- _Provided material_:
***
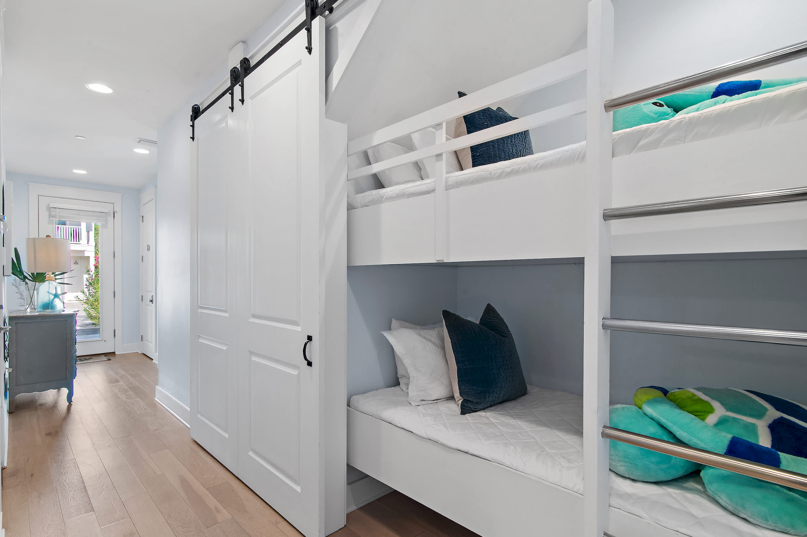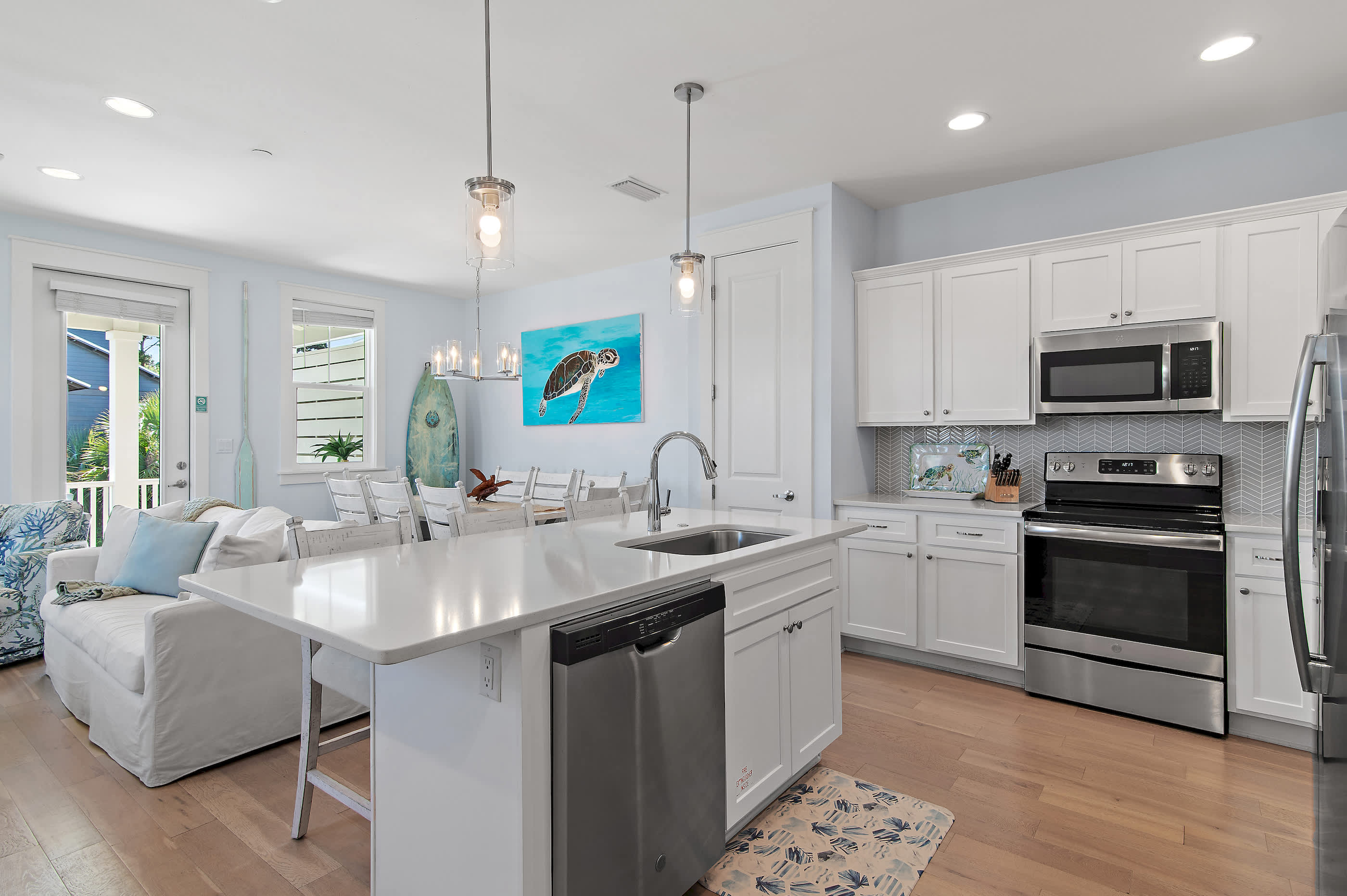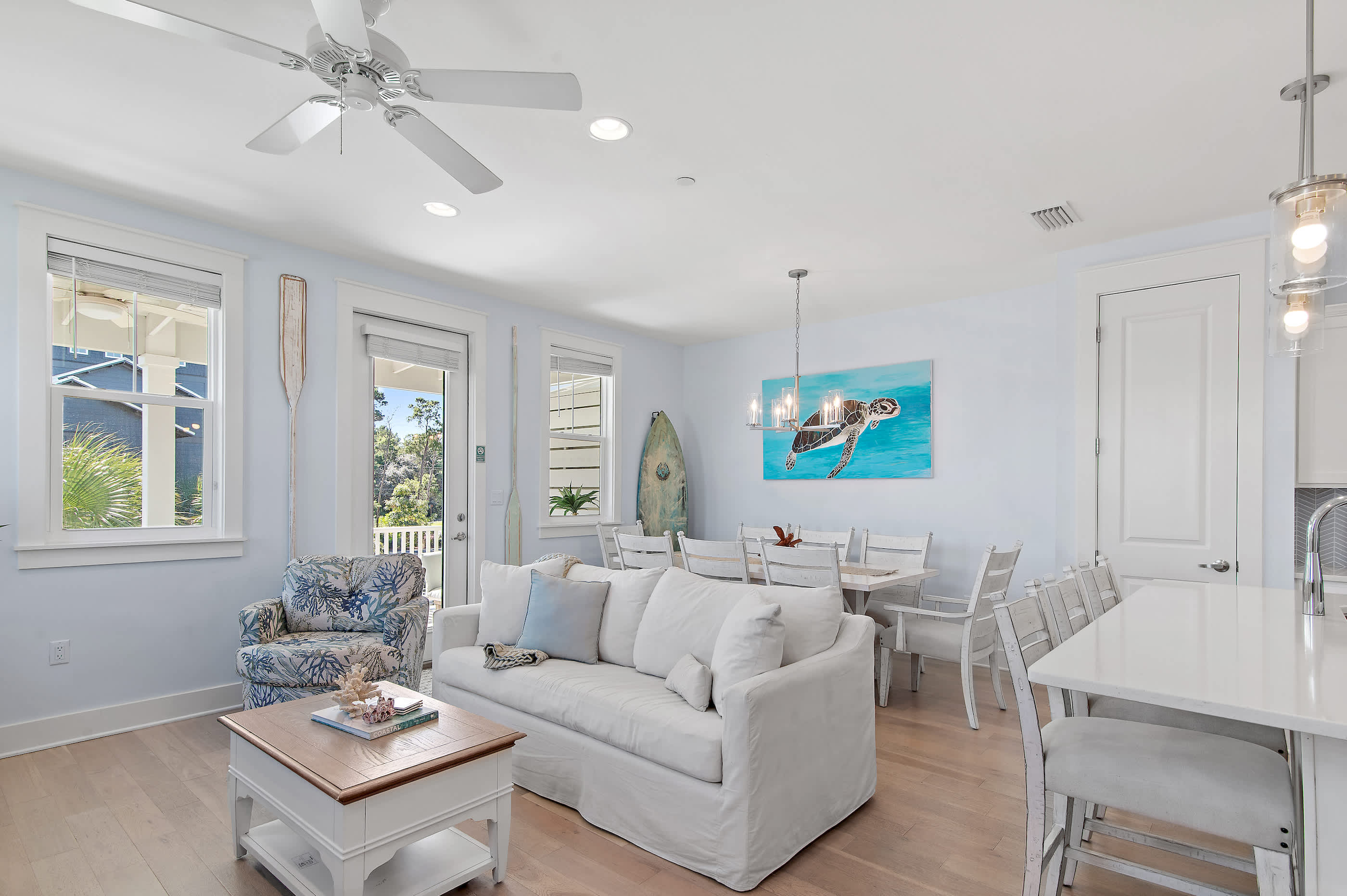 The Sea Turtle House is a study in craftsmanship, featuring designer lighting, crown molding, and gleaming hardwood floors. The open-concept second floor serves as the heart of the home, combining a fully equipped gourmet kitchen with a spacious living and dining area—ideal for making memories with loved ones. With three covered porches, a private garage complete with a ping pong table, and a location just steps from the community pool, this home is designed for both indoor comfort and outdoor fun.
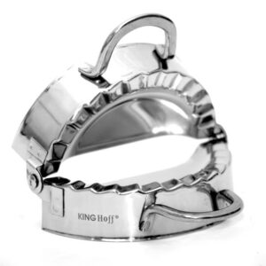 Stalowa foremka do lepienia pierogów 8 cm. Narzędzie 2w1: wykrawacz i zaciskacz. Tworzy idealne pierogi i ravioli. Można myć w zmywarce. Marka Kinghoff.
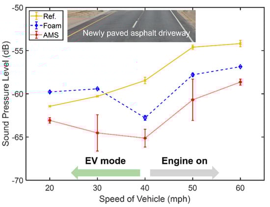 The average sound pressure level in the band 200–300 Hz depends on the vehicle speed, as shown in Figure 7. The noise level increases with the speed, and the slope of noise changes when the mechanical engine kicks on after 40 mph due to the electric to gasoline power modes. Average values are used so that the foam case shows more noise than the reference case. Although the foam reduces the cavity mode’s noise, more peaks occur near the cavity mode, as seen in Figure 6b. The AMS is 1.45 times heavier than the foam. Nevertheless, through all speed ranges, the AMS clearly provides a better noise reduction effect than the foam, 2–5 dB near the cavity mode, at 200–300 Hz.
***
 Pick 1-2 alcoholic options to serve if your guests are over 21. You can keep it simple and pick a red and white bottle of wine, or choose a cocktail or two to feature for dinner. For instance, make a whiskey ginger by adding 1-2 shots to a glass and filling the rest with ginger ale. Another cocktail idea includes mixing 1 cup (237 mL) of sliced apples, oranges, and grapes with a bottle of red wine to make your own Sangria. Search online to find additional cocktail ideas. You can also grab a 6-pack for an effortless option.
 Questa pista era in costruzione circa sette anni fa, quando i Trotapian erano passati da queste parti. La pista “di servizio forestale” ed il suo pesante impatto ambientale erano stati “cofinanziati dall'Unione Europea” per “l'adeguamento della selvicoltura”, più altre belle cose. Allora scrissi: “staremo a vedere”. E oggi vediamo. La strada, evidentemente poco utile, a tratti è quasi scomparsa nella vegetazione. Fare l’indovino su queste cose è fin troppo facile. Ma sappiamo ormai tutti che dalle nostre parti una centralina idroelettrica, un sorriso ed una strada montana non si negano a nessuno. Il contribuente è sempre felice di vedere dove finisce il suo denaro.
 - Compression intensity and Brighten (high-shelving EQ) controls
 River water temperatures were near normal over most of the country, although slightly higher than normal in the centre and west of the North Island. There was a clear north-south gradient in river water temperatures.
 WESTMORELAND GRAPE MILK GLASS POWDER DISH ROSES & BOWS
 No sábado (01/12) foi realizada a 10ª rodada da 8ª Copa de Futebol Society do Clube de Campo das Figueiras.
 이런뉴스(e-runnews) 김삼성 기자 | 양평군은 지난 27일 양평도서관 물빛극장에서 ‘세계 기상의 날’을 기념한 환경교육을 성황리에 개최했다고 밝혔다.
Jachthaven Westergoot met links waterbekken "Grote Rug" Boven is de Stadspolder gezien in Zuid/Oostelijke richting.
***
- _Task item_: Start with the line above containing "The Sea Turtle" and end with the line containing "Stalowa foremka do". Set down that stretch exactly, without any pictures.

- _Task solution_:
 The Sea Turtle House is a study in craftsmanship, featuring designer lighting, crown molding, and gleaming hardwood floors. The open-concept second floor serves as the heart of the home, combining a fully equipped gourmet kitchen with a spacious living and dining area—ideal for making memories with loved ones. With three covered porches, a private garage complete with a ping pong table, and a location just steps from the community pool, this home is designed for both indoor comfort and outdoor fun.
 Stalowa foremka do lepienia pierogów 8 cm. Narzędzie 2w1: wykrawacz i zaciskacz. Tworzy idealne pierogi i ravioli. Można myć w zmywarce. Marka Kinghoff.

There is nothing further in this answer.